My opinion about nationalism differs significantly from Mr. Sachs as well. I believe that a new nationalism dedicated to transforming the United States into a vigorously healthy conservator of wildlife and the ecosphere in-itself with an economy designed with complete renewability and with a reformed capitalism that caps corporate personnel at 7,000 individuals in order to stimulate competition (and none could invest in order than three corporations) is an efficient way to make at least part of humanity spiritually enlightened without simple existential animal spirits directed people through a maze of temporal political and ecospheric confusion, misunderstanding and even failure. The cost to the United States of helping eliminate poverty in the world is in no way substantial enough that it would force a choice between either economic renewal in the U.S.A. or economic help to relieve the oppressed of the Earth.

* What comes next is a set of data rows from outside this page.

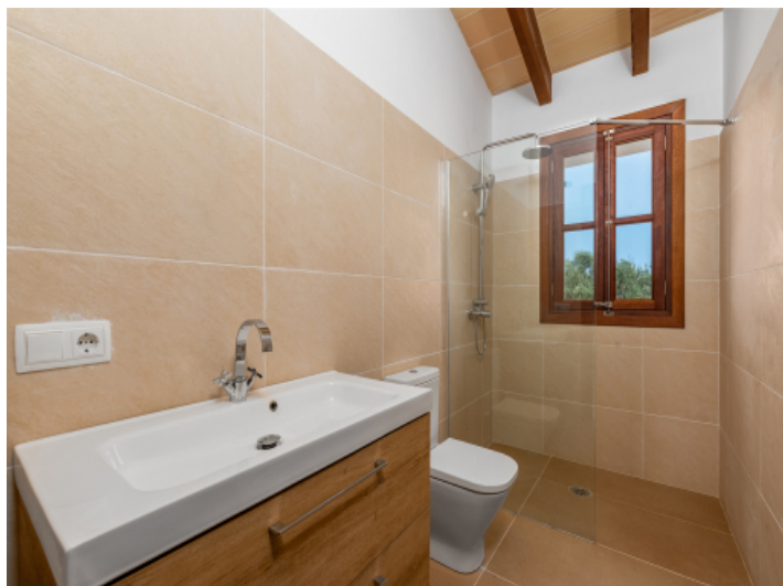
One of 4 bathrooms
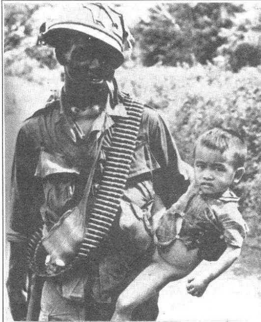
Who is this Sky Soldier? And where is he now?
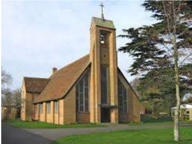
Holy Trinity, Hamp.

demolished in 1963, but the churchyard retained as an open space.
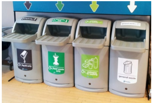
Combo™ Tray Shelf Catering Waste Bin
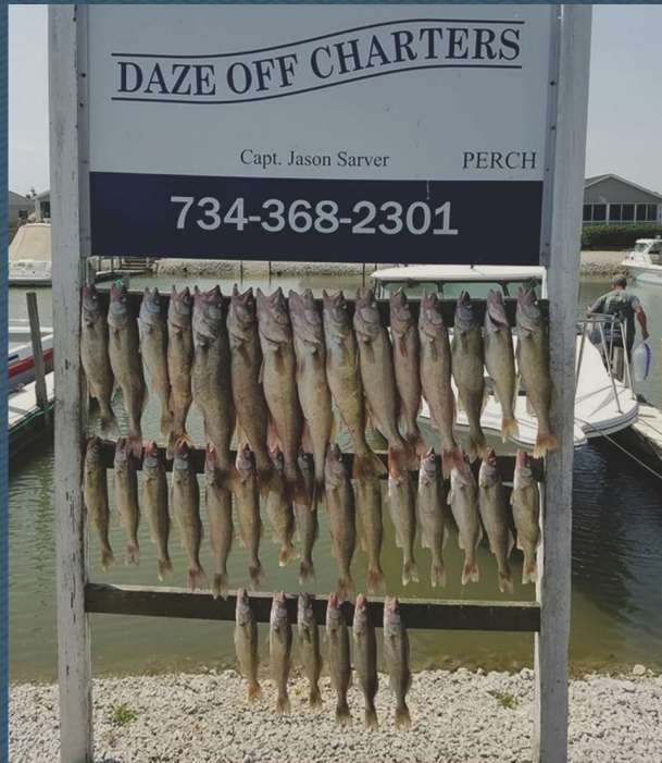
Walleye, Yellow Perch
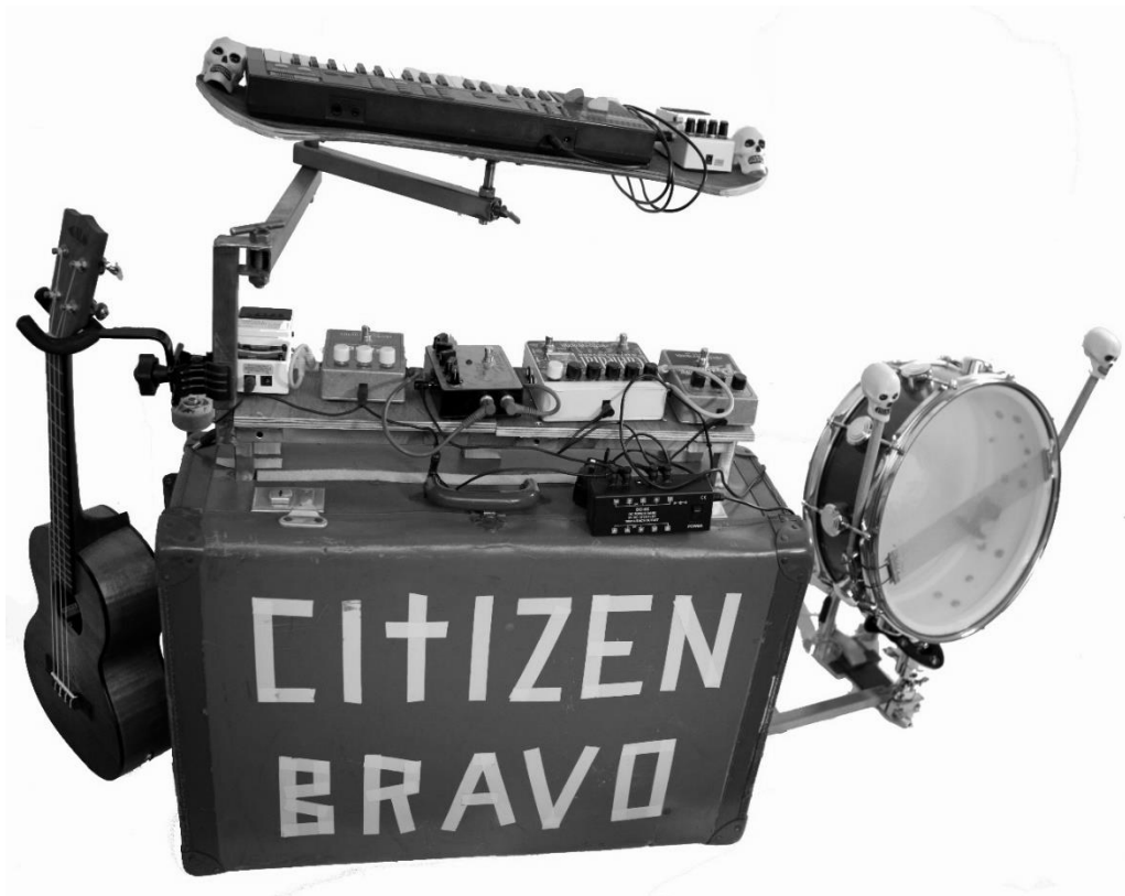
Figure 3 – Citizen Bravo in “performance mode”

Photo by Campbell Mitchell, used with permission.

As a biological phenomenality of life clustered around the dirt clumped by gravity humanity needs to develop a spiritual relationship with the Lord while still cognizant of the nature and existential phenomenality of the world and Universe he as provided. Human development requires sheer genius and the willingness to create far better ways of living and structures on the Earth and space than presently exist. It should also insinuate itself into a wild ecosphere as a superior being without destroying the development and evolution of that natural environment. Human civilization should move into fulfillment of the creativity it has in potential for constructing environments on Earth and space that allow less human-like life forms to exist without displacement. The resources of the natural universe used rightly by humanity should allow the increase of sustainable life rather than its decrease. Much of that increase of life well ought to be phenomenally non-human-even plants and things.